Work instructions
Starting at the line that contains "- Les petites", return every line through the end of the data exactly, without pictures.

Data block
■ ■ ■

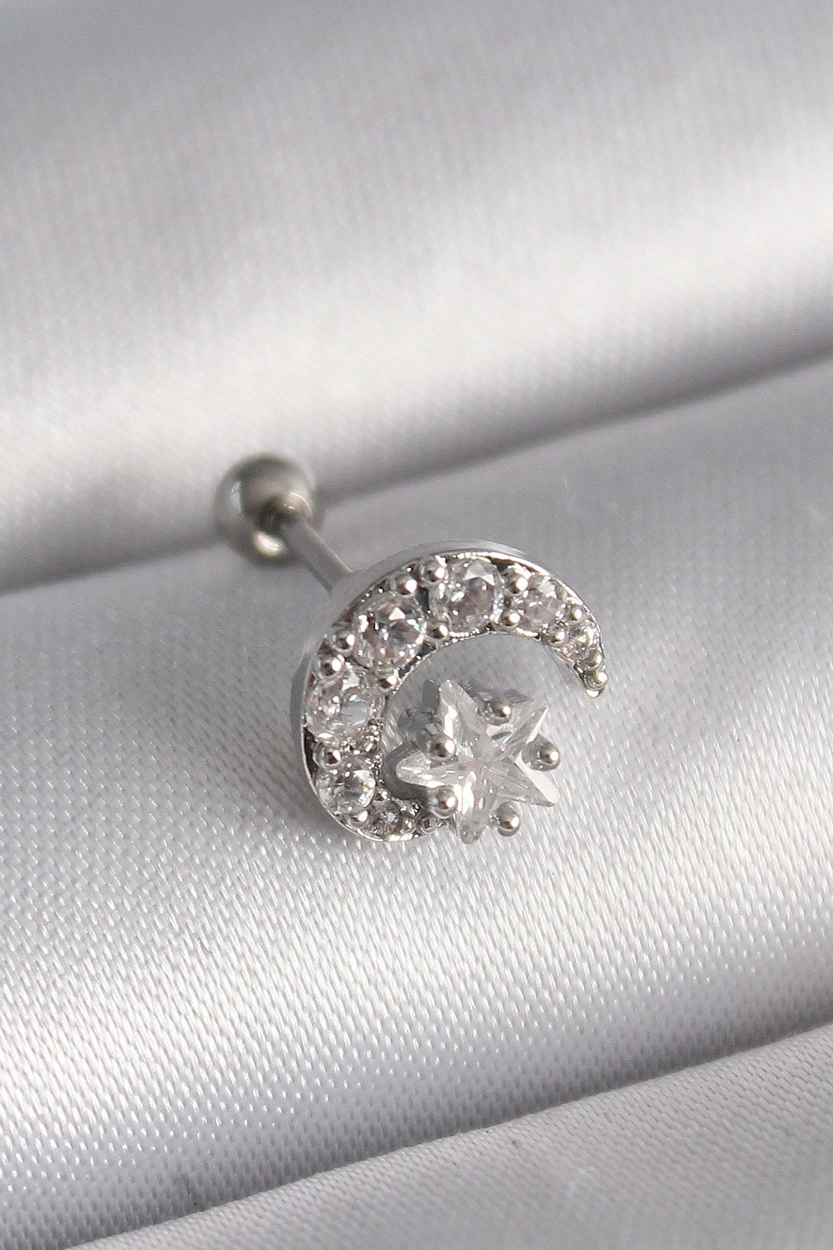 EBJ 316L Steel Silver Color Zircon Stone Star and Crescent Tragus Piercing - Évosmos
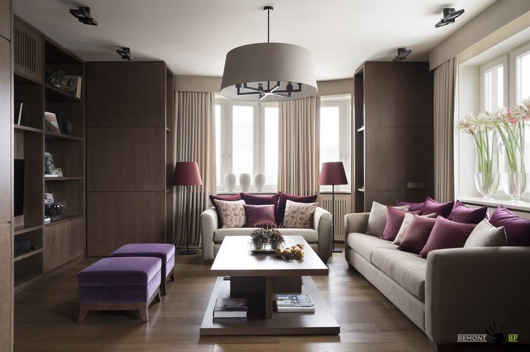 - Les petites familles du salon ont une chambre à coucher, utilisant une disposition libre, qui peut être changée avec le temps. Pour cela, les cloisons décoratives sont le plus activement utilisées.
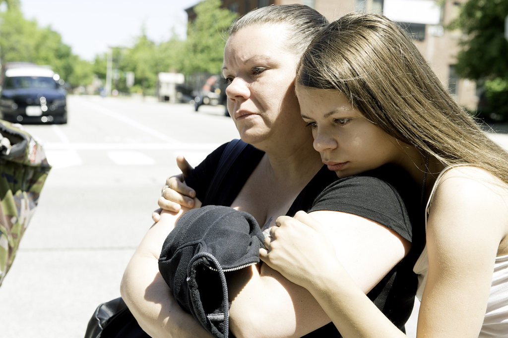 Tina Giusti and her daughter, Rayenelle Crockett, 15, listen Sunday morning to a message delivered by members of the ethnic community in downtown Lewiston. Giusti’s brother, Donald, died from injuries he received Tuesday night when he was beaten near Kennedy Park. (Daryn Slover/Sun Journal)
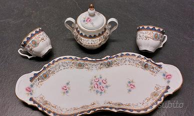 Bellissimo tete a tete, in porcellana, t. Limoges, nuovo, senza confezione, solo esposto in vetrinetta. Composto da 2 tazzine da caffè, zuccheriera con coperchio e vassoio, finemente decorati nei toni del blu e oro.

■ ■ ■

Solved exercise
 - Les petites familles du salon ont une chambre à coucher, utilisant une disposition libre, qui peut être changée avec le temps. Pour cela, les cloisons décoratives sont le plus activement utilisées.
 Tina Giusti and her daughter, Rayenelle Crockett, 15, listen Sunday morning to a message delivered by members of the ethnic community in downtown Lewiston. Giusti’s brother, Donald, died from injuries he received Tuesday night when he was beaten near Kennedy Park. (Daryn Slover/Sun Journal)
 Bellissimo tete a tete, in porcellana, t. Limoges, nuovo, senza confezione, solo esposto in vetrinetta. Composto da 2 tazzine da caffè, zuccheriera con coperchio e vassoio, finemente decorati nei toni del blu e oro.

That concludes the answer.